Dorian Davis: For the GOP to Move Forward, We’ve Got to Ditch Ronald Reagan
Ronald Reagan. Ronald Reagan. Ronald Reagan. That’s all we Republicans talk about: Ronald Reagan.
That was Mitt Romney’s problem – well, really the whole Republican Party’s problem – last Tuesday: here we were in the middle of the biggest economic downturn since the Great Depression, running against a beleaguered incumbent, and we still managed to lose because Democrats ran Barack Obama and we ran the ghost of Reagan.
In the primaries, for instance, the 30 million GOP candidates tried to out-Reagan each other for the “true conservative” mantle, name-dropping Reagan more than all other presidents combined – “Reagan,” “Reagan,” “Reagan,” Reagan,” “Reagan,” “Reagan,” Reagan” – over 10 months and 25+ debates, including one at the Reagan Library.

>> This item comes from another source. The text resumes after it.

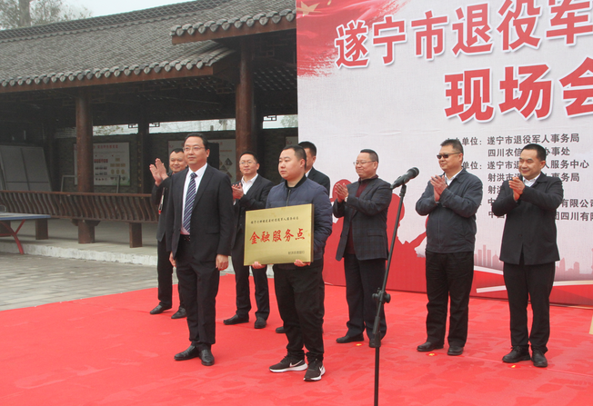 3月23日,遂宁市退役军人服务中心“一体化”暨共建共享退役军人“服务超市”现场会在射洪市沱牌镇龙泉村隆重召开,四川农信(遂宁)作为唯一共建的金融机构参会。

Then Reagan-mania spread to the platform – the pro-Life language that the GOP adopted was identical to 1984’s – and to the convention in Tampa, where Newt Gingrich promised a return to “the principles that are at the core of President Reagan’s legacy.”

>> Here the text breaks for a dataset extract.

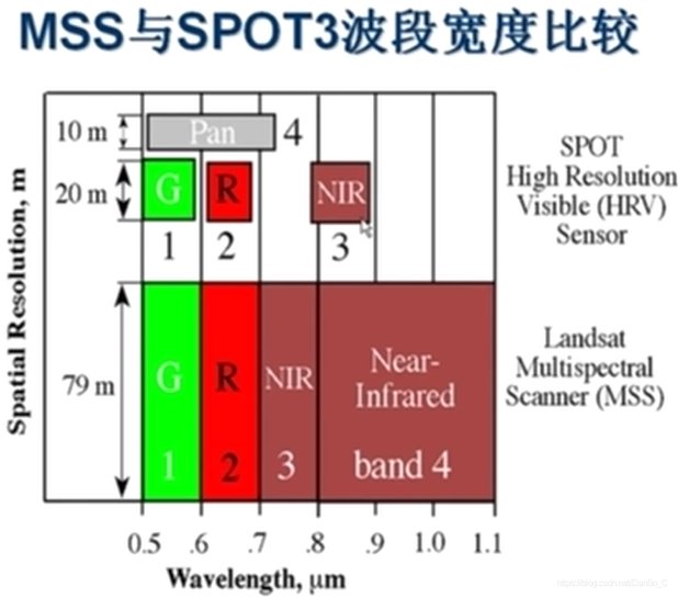 - 波谱:Landsat1-3有5个波段,MSS4(绿)、MSS5(红)、MSS6(红外)、MSS7(红外)、MSS8(热红外)

In the end, Reagan’s spirit even possessed Mitt Romney: In September, when his campaign had been faltering, Peggy Noonan happened to mention in her Wall Street Journal column that Reagan used to extend his hand to the crowd during his ’84 stump speeches and ask people to “come walk” with him. Lo and behold, two months later in a speech in New Hampshire, Romney was doing the same thing.